Fix decoding of strings with wingdings/symbol characters in excel TxO records.
Needs ReviewPublic

Authored by denexter on Oct 29 2019, 6:38 AM.

Details

Summary

These will have the high bit set which will make them appear to be non-printable resulting in the entire string being discarded. The style information will have the necessary font information so it's sufficient to just strip the bit.

Diff Detail

Repository
R8 Calligra
Lint
Lint Skipped
Unit
Unit Tests Skipped
denexter created this revision.Oct 29 2019, 6:38 AM
Restricted Application added a project: Calligra: 3.0. · View Herald TranscriptOct 29 2019, 6:38 AM
Restricted Application added a subscriber: Calligra-Devel-list. · View Herald Transcript
denexter requested review of this revision.Oct 29 2019, 6:38 AM

Is there something in the spec encoding the microsoft fonts or just some kind of practice? Seems a little scary just stripping bits.

If the main issue is the whole string disappearing, those text.clear() calls below looks suspicious. Unicode string could contain all kinds of non-printing characters like LTR/RTL controls which would remain broken? Seems to be introduced by commit 4847181d7d5f for some kind of workaround. No idea if still needed or not.

There's nothing in the spec that I've found, there's a more detailed explanation in the word parser https://cgit.kde.org/calligra.git/tree/filters/words/msword-odf/wv2/src/parser9x.cpp#n513 but it still doesn't cite any sources. Removing the entire string is excessive and may be a problem with some documents, but removing that without addressing the decoding issue gives you a string with junk or missing characters whereas addressing the decoding gives the full correct string.

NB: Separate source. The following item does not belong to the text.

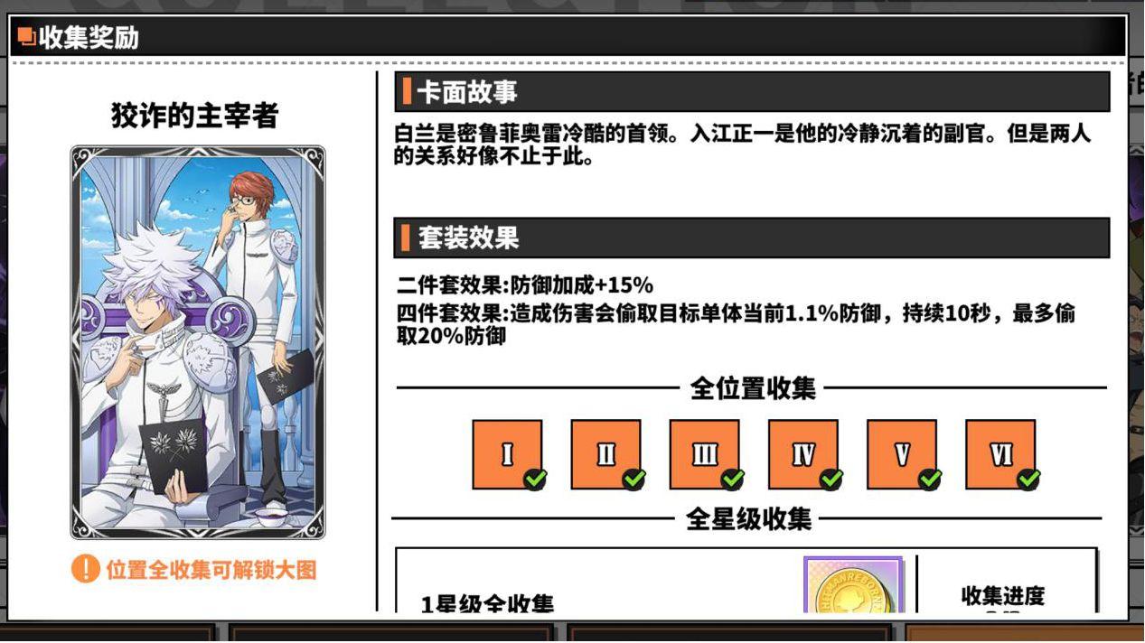 狡诈的主宰者四件套效果可以偷取受击目标的防御并且将对方防御转化到自己身上,比较适用于初级模拟战、究极模拟战、角色试炼,跟XANXUS的戒指特性配合有多重优点:既可以给自身加防御又被戒指转化为攻击加成。在面对高防御boss的时候如果自身输出角色命中率不足,可以用库洛姆带一套狡诈的主宰者来对boss进行防御的削弱,配合斯库瓦罗被动破防效果以及带暗中较量的输出型角色打出巨额伤害快速击杀boss。

But would those characters work without encoding adjustments if the used MS font was present? Not sure how it gets rendered now without the font, but if it's anything like the "J" exchange email smiley I'm not sure which is worse.

Adding Marijn. Ancient changes, but could those text.clear() parts be removed by now?

The necessary font information is supplied independently, so if you have the font installed it does show the smiley.